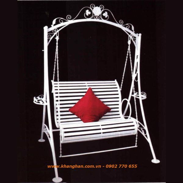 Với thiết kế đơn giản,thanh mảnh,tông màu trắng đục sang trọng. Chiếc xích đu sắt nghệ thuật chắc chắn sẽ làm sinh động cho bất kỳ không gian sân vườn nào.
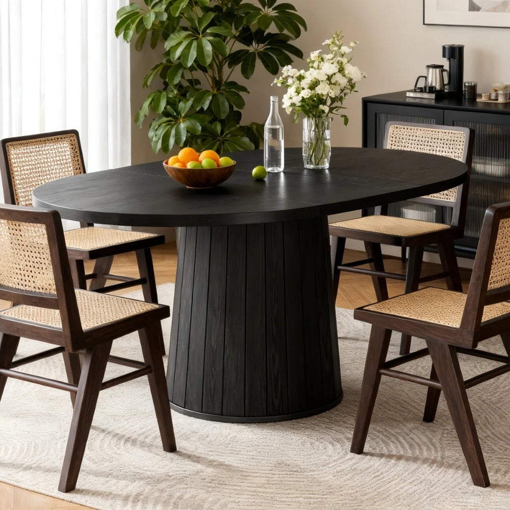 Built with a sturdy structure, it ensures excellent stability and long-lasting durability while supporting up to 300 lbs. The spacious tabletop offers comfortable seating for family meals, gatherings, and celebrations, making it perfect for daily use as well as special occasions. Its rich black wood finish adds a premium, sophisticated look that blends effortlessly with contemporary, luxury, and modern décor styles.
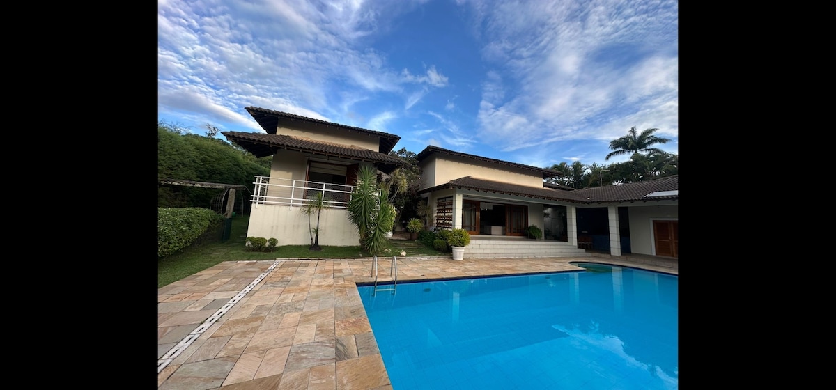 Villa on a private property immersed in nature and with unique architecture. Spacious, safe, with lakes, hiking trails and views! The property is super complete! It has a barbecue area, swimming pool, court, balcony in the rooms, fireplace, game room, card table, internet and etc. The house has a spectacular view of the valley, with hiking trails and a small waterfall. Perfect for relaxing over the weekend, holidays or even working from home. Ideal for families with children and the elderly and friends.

———

*TRY IT*
Using the material above, return every line exactly as it appears, minus the pictures.

*WRITTEN RESPONSE*
 Với thiết kế đơn giản,thanh mảnh,tông màu trắng đục sang trọng. Chiếc xích đu sắt nghệ thuật chắc chắn sẽ làm sinh động cho bất kỳ không gian sân vườn nào.
 Built with a sturdy structure, it ensures excellent stability and long-lasting durability while supporting up to 300 lbs. The spacious tabletop offers comfortable seating for family meals, gatherings, and celebrations, making it perfect for daily use as well as special occasions. Its rich black wood finish adds a premium, sophisticated look that blends effortlessly with contemporary, luxury, and modern décor styles.
 Villa on a private property immersed in nature and with unique architecture. Spacious, safe, with lakes, hiking trails and views! The property is super complete! It has a barbecue area, swimming pool, court, balcony in the rooms, fireplace, game room, card table, internet and etc. The house has a spectacular view of the valley, with hiking trails and a small waterfall. Perfect for relaxing over the weekend, holidays or even working from home. Ideal for families with children and the elderly and friends.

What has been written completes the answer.